Though plastic waste has been a nagging problem for civic authorities, with thousands of tonnes of garbage generated every day, it took years of discussion for Dr. Vasudevan to be acknowledged by organizations like the Central Pollution Control Board, National Rural Roads Development Agency, Central Road Research Institute, Indian Centre for Plastic Environment and the National Highways Authority of India. In every forum, he painstakingly explained and demonstrated the benefits of road laying using a polymer-aggregate-bitumen mix.

Even as his technology was being debated in the government, Dr. Vasudevan started receiving offers from private companies both within and outside the country to sell the patent. “But I think it my duty to serve my country first and therefore, I gave it free to the Indian Government.” What he laments is the slow progress, “the plastic binding with bitumen is an ideal option for roads that bear the brunt of torrential rains.” Also, he underlines, if citizens treat their waste properly by segregating and collecting the plastic, the country will soon be free of plastic litter and boast safer and better roads.

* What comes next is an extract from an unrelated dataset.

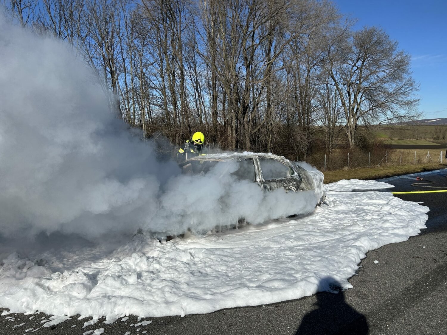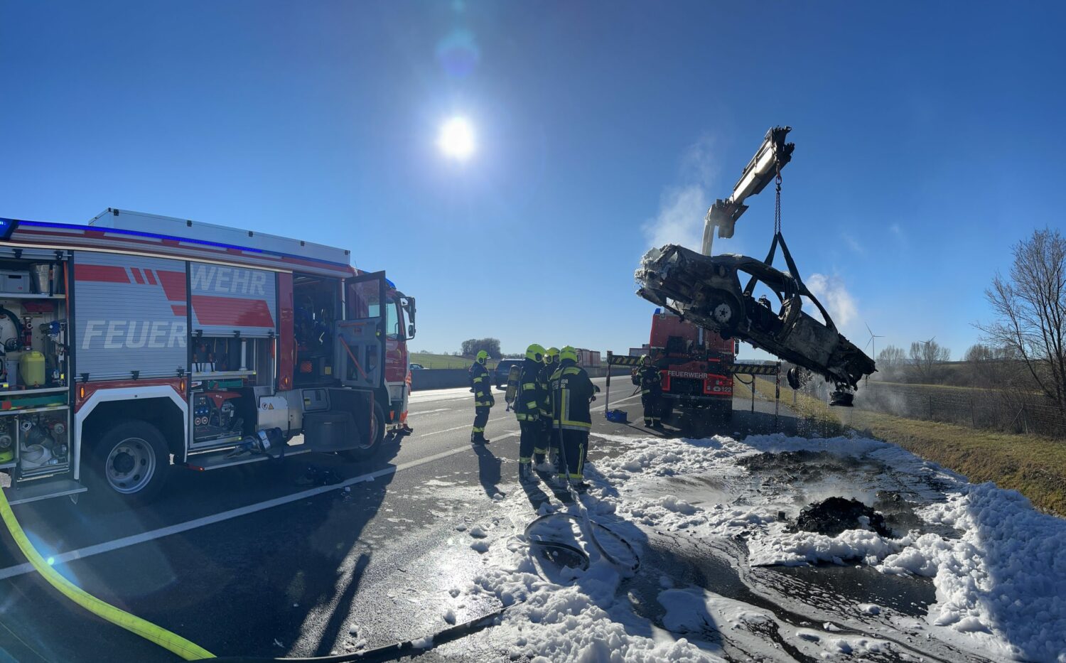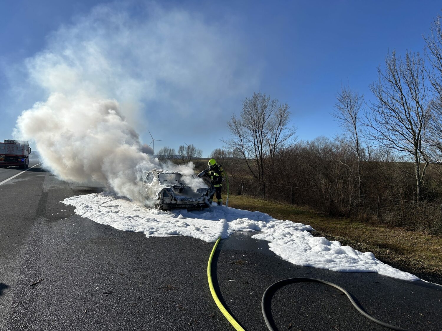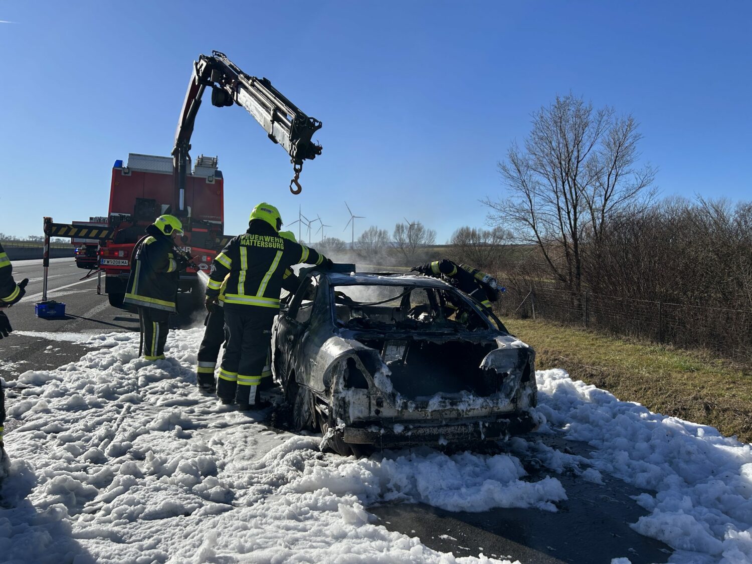 Die Feuerwehr Mattersburg wurde am 29.01.2025 zu einem Fahrzeugbrand auf die S31 alarmiert. Beim Eintreffen der Kräfte stand der PKW bereits in Vollbrand. Nach Brand aus wurde der PKW mit dem Kran auf das Wechselladerfahrzeug verladen und von der Unfallstelle verbracht.

His department is now evolving a cold process technology as well. The Department of Science and Technology has sanctioned a ‘green chemistry' project at TCE for producing a 'cold emulsion' to coat the aggregate instead of using hot bitumen. Such a process would be highly useful in laying roads in cold regions. Widener University, Philadelphia, has already shown interest in the cold process.

With a low-cost technology that finds a ready solution for plastic waste management, Dr. Vasudevan's invention undoubtedly offers a lesson for all municipal corporations. “It serves the twin purpose of increasing quality of roads and also solves the problem of plastic disposal. The vision should be to eventually replace all existing roads and lay every new road with this technology,” says the professor.